Review: ‘Lee Harvey Oswald,’ an American Assassin in Puppet Form

Review: ‘Lee Harvey Oswald,’ an American Assassin in Puppet Form


Photo

Jeffrey Roth, center, without his puppet, playing the title character in “The Life and Times of Lee Harvey Oswald.” Behind, from left, with dummies: Valois Mickens, Sarah Lafferty, Ben Watts, Michelle Beshaw and Deborah Beshaw-Farrell.

Credit
Jonathan Slaff

If you have ever wondered who pulled the strings of the John F. Kennedy assassination, La MaMa has a show for you.

This is meant literally: “The Life and Times of Lee Harvey Oswald” does not explore the theories that have kept legitimate historians and basement-dwelling conspiracists busy for the past half century; what it does have is a lot of puppets, brought to wobbly life by a cast of eight humans dressed like federal agents, in white shirts and black slacks.

Despite the Czechoslovak-American Marionette Theater stating on its website that the show explores three “national traumas” from the 1960s — the killings of President Kennedy, his brother Robert and Martin Luther King Jr. — the story squarely focuses on Oswald’s bizarre journey.
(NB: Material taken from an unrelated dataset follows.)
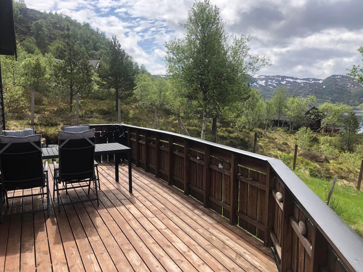 Slapp av sammen med hele familien på dette fredelige bostedet. Hus med fantastisk utsikt over Sognefjorden. Flott terrasse ved fjorden. Komfortable hagemøbler . Gratis lading El-bil. 5KW. Raskt Wifi. Alt du trenger for kort og langtidsopphold. Rengjøring inkludert Sengetøy og Håndklær inkludert Lovlig med hund.

This is an ambitious project and typical for a company that has in the past deployed puppets for the likes of “Twelfth Night,” an exploration of Socrates and Plato’s philosophical teachings and a show about Julius and Ethel Rosenberg.

The first issue here is the difficulty in actually seeing the little guys, whose designs are apparently inspired by traditional Czech marionettes. They measure about eight inches, so even in the intimate confines of La MaMa’s first-floor space, their painstakingly detailed faces and costumes are reduced to a blur as they move in a seemingly random manner.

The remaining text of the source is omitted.